Let's find the rates at which each tap can fill or empty the tank:

Tap-1 can fill the tank in 8 hours, so its rate is 1 tank per 8 hours, which can be represented as 1/8 tank per hour.

Tap-2 can empty the tank in 16 hours, so its rate is -1 tank per 16 hours, which can be represented as -1/16 tank per hour since it's emptying the tank.

Now, when both taps are opened simultaneously, their rates are combined. So, the combined rate of filling the tank when both taps are open is:

Rate = (Rate of Tap-1) + (Rate of Tap-2) Rate = (1/8) + (-1/16)

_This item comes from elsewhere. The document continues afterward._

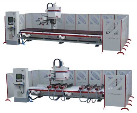 Универсальный многооперационный обрабатывающий центр предназначен главным образом для изготовления элементов лестниц, мебели, фасадов и других изделий из дерева различных пород. Обрабатывающий центр обеспечивает высокую производительность и гибкость при выполнении следующих операций: фрезерование профилей, (фасады, филенки), фрезерование по контуру, сверление сквозных и глухих отверстий в пласти и торцах изделий, пропиливание пазов в щитовых деталях из деревянного массива, МДФ, ДСП и др.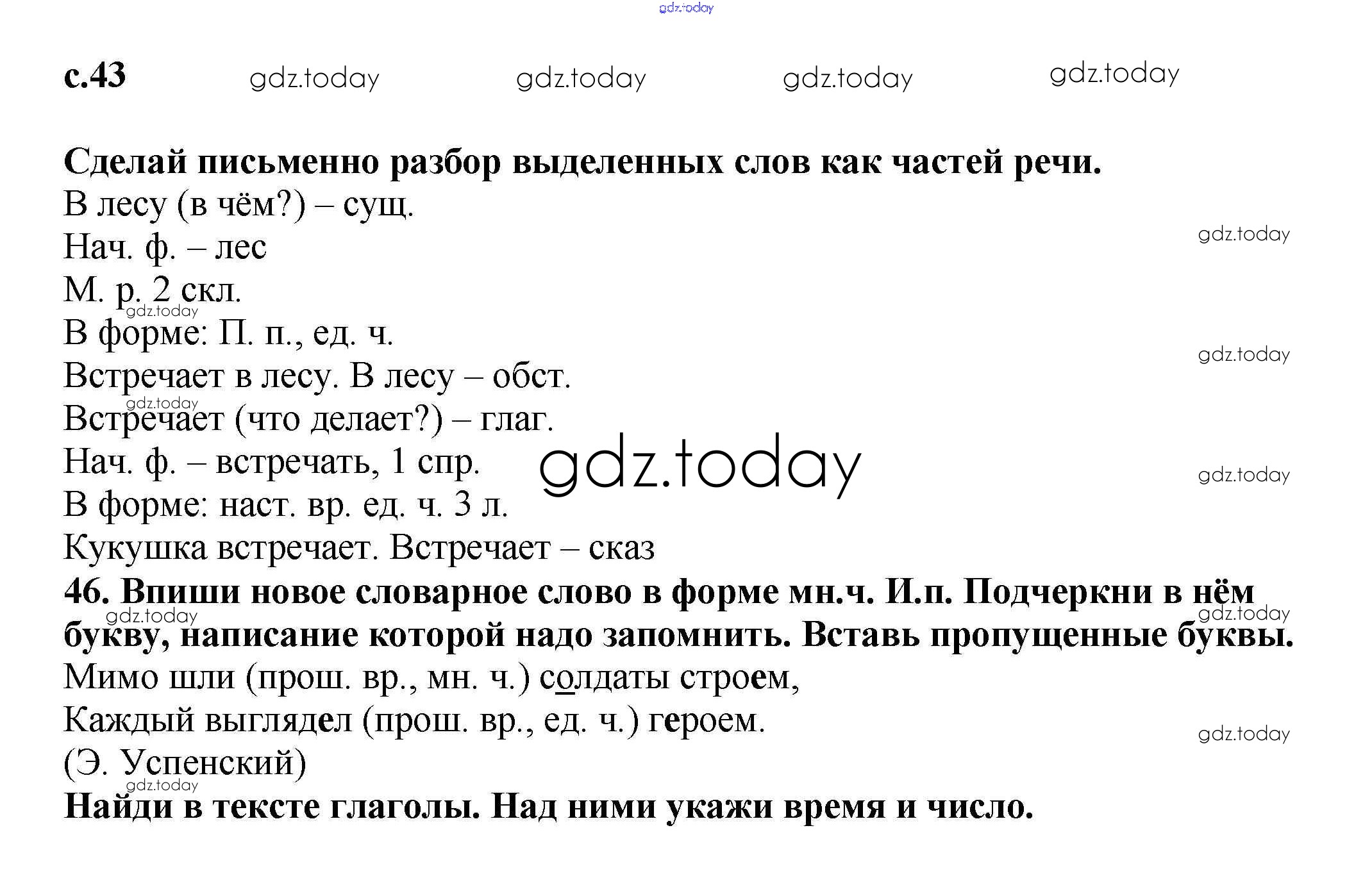 Ответы к Решение. Часть 1. Страницы 43 Тетради для самостоятельной работы по Русскому языку для 3 класса Байкова Академкнига 2017

Now, let's find a common denominator to add the rates:

Rate = (2/16) - (1/16) Rate = 1/16 tank per hour

So, when both taps are open, they fill the tank at a rate of 1/16 tank per hour.

Now, we want to know how long it takes to fill the tank completely. Let's denote the time it takes to fill the tank as "t" hours.

During the first 8 hours, both taps are open, so they fill the tank at a rate of 1/16 tank per hour for 8 hours:

(1/16) * 8 = 1/2 tank (filled in the first 8 hours)

Now, for the remaining time "t - 8" hours, only Tap-1 is open, and it fills the tank at a rate of 1/8 tank per hour:

(1/8) * (t - 8) = (t - 8)/8 tank (filled in the remaining time)

The total tank capacity is 1 (since we want to fill the tank completely).

So, we can write the equation:

1/2 (filled in the first 8 hours) + (t - 8)/8 (filled in the remaining time) = 1 (total capacity)

Now, solve for "t":

1/2 + (t - 8)/8 = 1

Multiply both sides by 8 to get rid of the fractions:

4 + t - 8 = 8

Now, isolate "t":

t - 4 = 8

t = 8 + 4 t = 12

So, it will take 12 hours to fill the tank completely if both taps are opened simultaneously, but Tap-2 is closed after 8 hours.